Хофман пытался завести разговор о Даниэле, но Айзек так сильно вздрагивал, что, в конечном итоге, все вопросы пришлось забыть. Пару раз Курт порывался сам позвонить блондину, и отказывался от этой мысли, понимая - все, происходящее между этими двумя, не его дело.
- Айзек, - Курт без стука вошел в комнату друга, наблюдая, как тот держит в руке медальон, подаренный Даниэлем, и который он никогда не снимал, - Что ты делаешь?
- Завтра начинается новый семестр, - глухо ответил Оуэн. Хофман в недоумении посмотрел на парня. - Я не могу больше носить его подарок. Это будет нечестно, если он меня увидит с ним, после всего того, что я сделал.
- Что ты сделал? - не понял Курт, но Айзек ничего не ответил, с тоской глядя на дорогую сердцу вещь. На обратной стороне серебряного донышка виднелась четкая гравировка: “Любимому”.
Пусть Дани будет счастлив, хоть и не с ним. Айзек желал ему этого, а сам… Сам он как-нибудь выкарабкается.
*
Начиная с первого же учебного дня Даниэль взял себе за привычку, ходить с опущенными в пол глазами или утыкаясь в телефон, боясь наткнуться на Оуэна. Он много переписывался с Аделаидой, которая всеми силами старалась отвлекать его от невеселых дум. Мысли об Айзеке Дани гнал от себя, как только мог. Шелтон капитально забивал голову чем угодно, лишь бы только не впоминать о нем. Подобное насилие над собственным разумом выливалось в еженощные кошмары…

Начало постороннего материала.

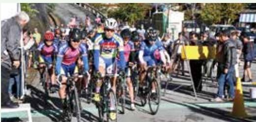
▲ さあ、スタートです。

10月18日（日）、丹波山村と小菅村の今川峠を舞台に、第3回多摩川源流ヒルクライムTT in 丹波山・小菅が開催されました。

Одногруппники заметили, что Даниэль как-то изменился, став слишком молчаливым и почти перестав улыбаться. Чаще всего на его лице была маска холодного спокойствия. Рэй Гранд пытался расшевелить приятеля в своей привычной манере, но потерпел неудачу. Даниэль не стремился к общению, но здравый смысл подсказывал, что ему нельзя оставаться одному. Поэтому, скрепя сердце, блондин ходил с ребятами в кафе и на прогулки, даже в кино.
Вернувшиеся мистер и миссис Шелтон, ужасно расстроились побледневшему и заметно похудевшему сыну. Дани солгал, что просто еще не до конца оправился от болезни, чувствуя себя препаршиво от собственного вранья.
Так пролетела долгая неделя. Чтобы хоть как-то себя занять, Айзек решил согласиться выступить на той конференции, что ему предлагал преподаватель истории. Обговорив все детали, историк предложил Оуэну зайти к нему в конце лекций, чтобы подобрать необходимый материал. Так же Айзек обсудил с историком то, что хотел бы устроиться на кафедру либо лаборантом, либо помощником. Хоть кем-нибудь, потому что ему срочно нужны деньги.